Optimal Group – This is the most interesting of the ones that I did not buy. They have some interesting payments technologies, but the earnings estimate momentum was negative, and I could not really discern what competitive advantages they had.

Encore Wire – A bit of a cult stock. I just don’t like the business that they are in.

Arkansas Best, P.A.M. Transportation – I own YRC Worldwide, and these are not appreciably cheaper.

Foot Locker – Too many earnings disappointments.

Spectrum Brands – Lousy set of brands, and a poor earnings history.

Stolt Neilsen – I own Tsakos, and I think it has better growth prospects.

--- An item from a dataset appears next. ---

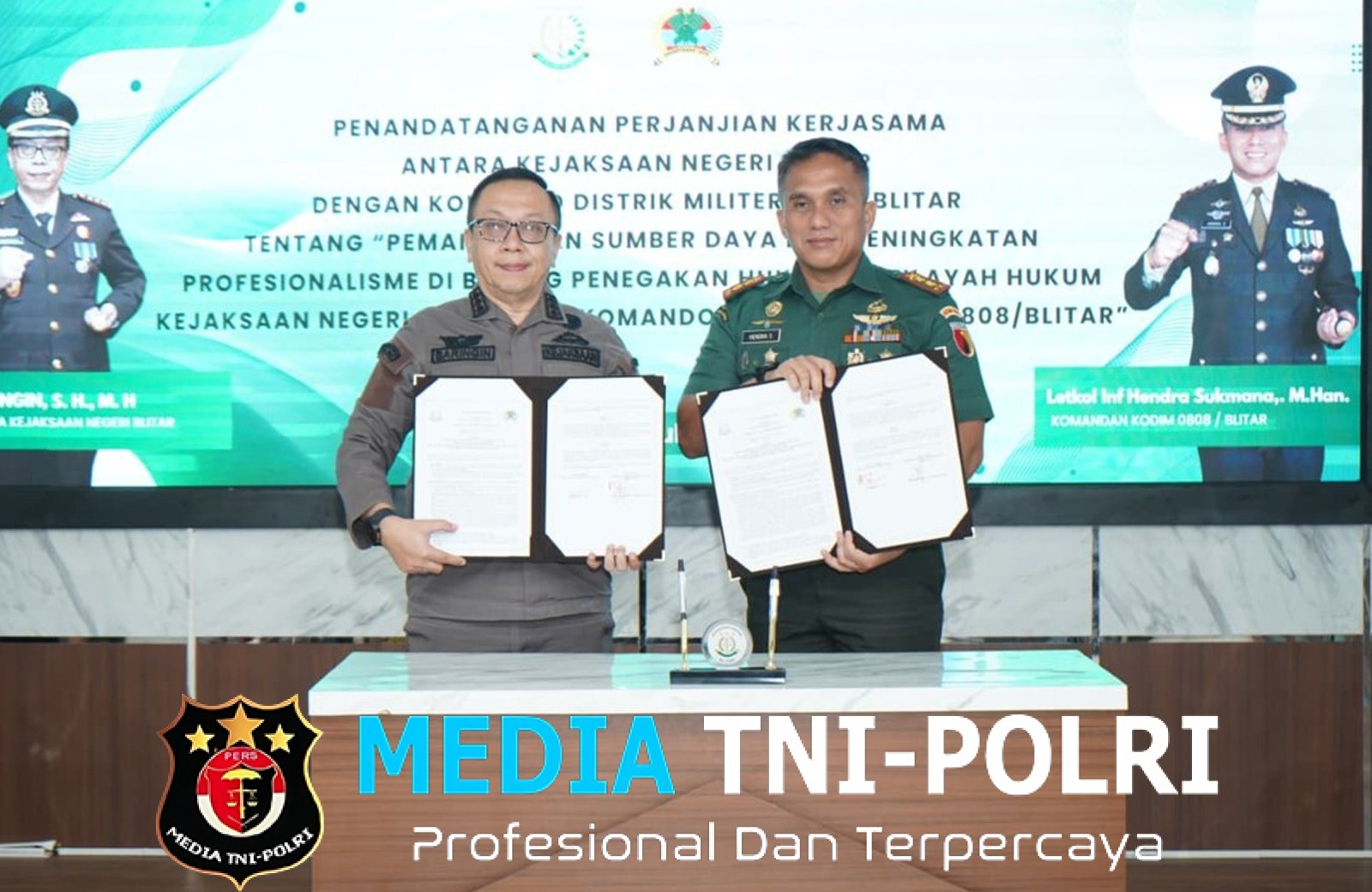 BLITAR // MEDIATNI-POLRI.COM / Dalam rangka memperkuat sinergi antarinstansi di bidang penegakan hukum, Kejaksaan Negeri Blitar dan Kodim 0808/Blitar melaksanakan penandatanganan perjanjian kerjasama (PKS) pada Kamis (31/7/2025) bertempat di Aula Kantor Kejaksaan Negeri Blitar, Jl. Sudanco Supriyadi, Kelurahan Bendogerit, Kecamatan Sananwetan, Kota Blitar. Kegiatan ini diikuti oleh sekitar 50 peserta dari kedua institusi.

National Coal – Too small.

Home Solutions of America – I don’t like their business, given my view of the housing market.

What I am Buying

Bronco Drilling – Seems to be a cheap land driller, and replaces some of the exposure I lost selling Apache and Devon.

Komag, Nam Tai Electronics, Vishay Intertechnology – Cheap technology stocks that are near the beginning of the technology food chain. The businesses are more stable than those who buy their products.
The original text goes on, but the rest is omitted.